Вольф

Я видел во сне девушку из леса, видел Николь. Хотя я обычно не запоминаю сны, этот помню отчётливо, потому что нечто подобное я вижу каждую ночь со дня нашей первой встречи. Она подкарауливает меня в лесу, а после того, как стреляет мне в ногу и склоняется надо мной проверить, жив ли я, я целую её.

В этом сне не так много нелогичных моментов, но он настолько живой, что пробуждает во мне желание увидеть её снова по неясным для меня самого причинам. Я тут же просыпаюсь в поту, с пересохшими губами, с выпрыгивающим из груди сердцем и в напряжении.

Я убеждаю себя, что этот сон повторяется и не даёт ей покинуть мои мысли, потому что я не хочу думать о той странной девушке с пушкой. Я не хочу думать ни о чём, кроме неё, и это меня пугает. Она идёт вразрез с моими устремлениями в духе Торо – к простоте и одиночеству. Генри Торо никогда не упоминал о вторжении девушек в его уединённую жизнь на берегу Уолденского пруда.

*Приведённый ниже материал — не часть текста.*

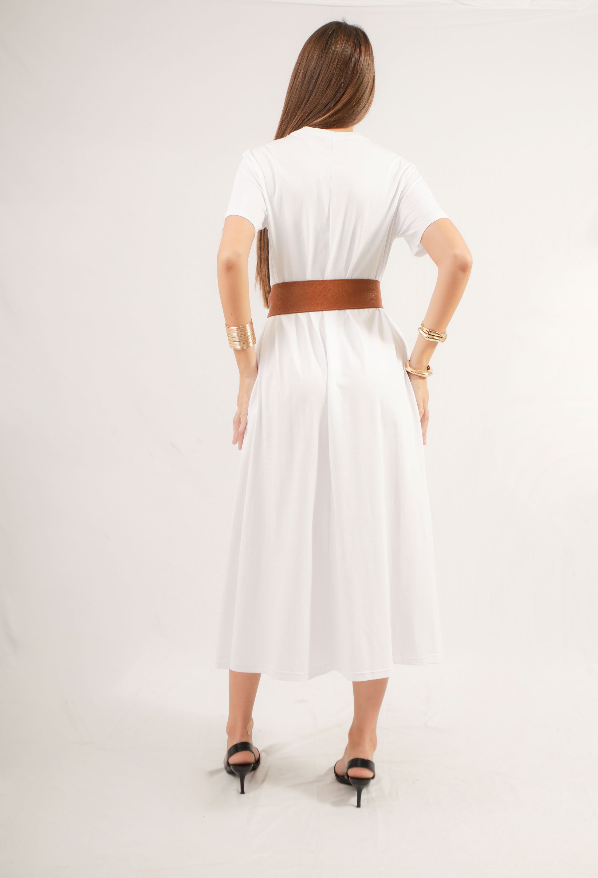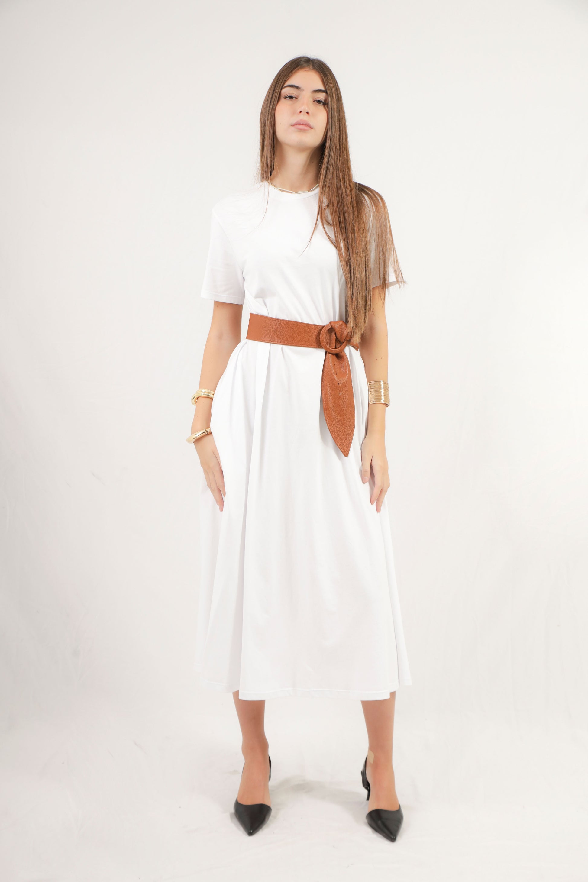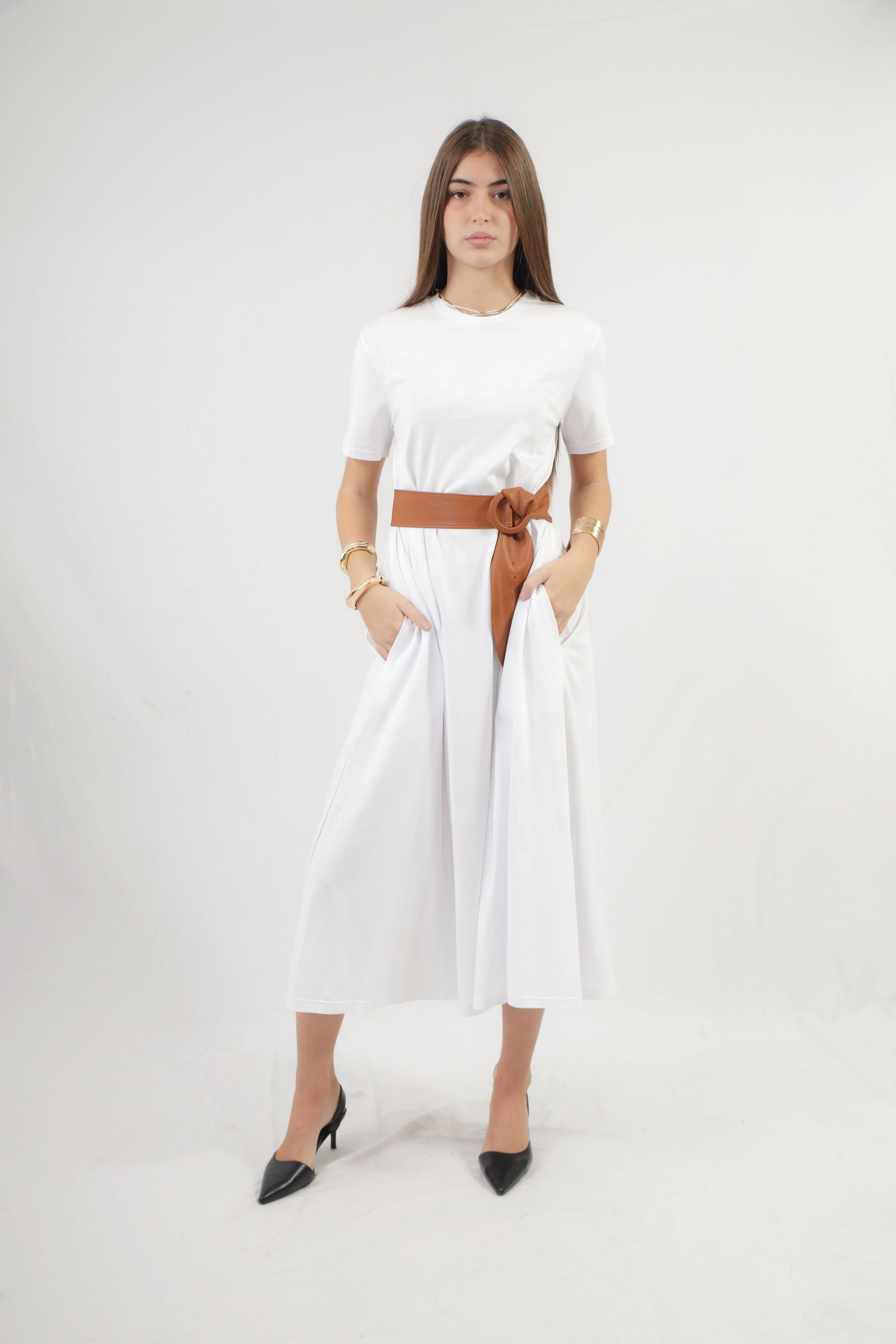 Questo abito lungo in cotone presenta un morbido fit che si adatta alla figura. Con uno scollo rotondo e tasche laterali, è perfetto per un look casual ma elegante. La sua linea svasata dona una silhouette sinuosa e comoda. Realizzato in cotone, garantisce freschezza e comfort per tutta la giornata.

Пока я делаю обычные вечерние дела на кухне – наслаждаясь их размеренностью – и нарезаю овощи для ужина, приходит Лорель. Мне нравится работать кухонным ножом, и, несмотря на то, что сейчас я измельчаю ножом лук, глаза у меня не слезятся. Свет из окна косо падает на кухонный стол и под разными углами отражается от движущегося ножа.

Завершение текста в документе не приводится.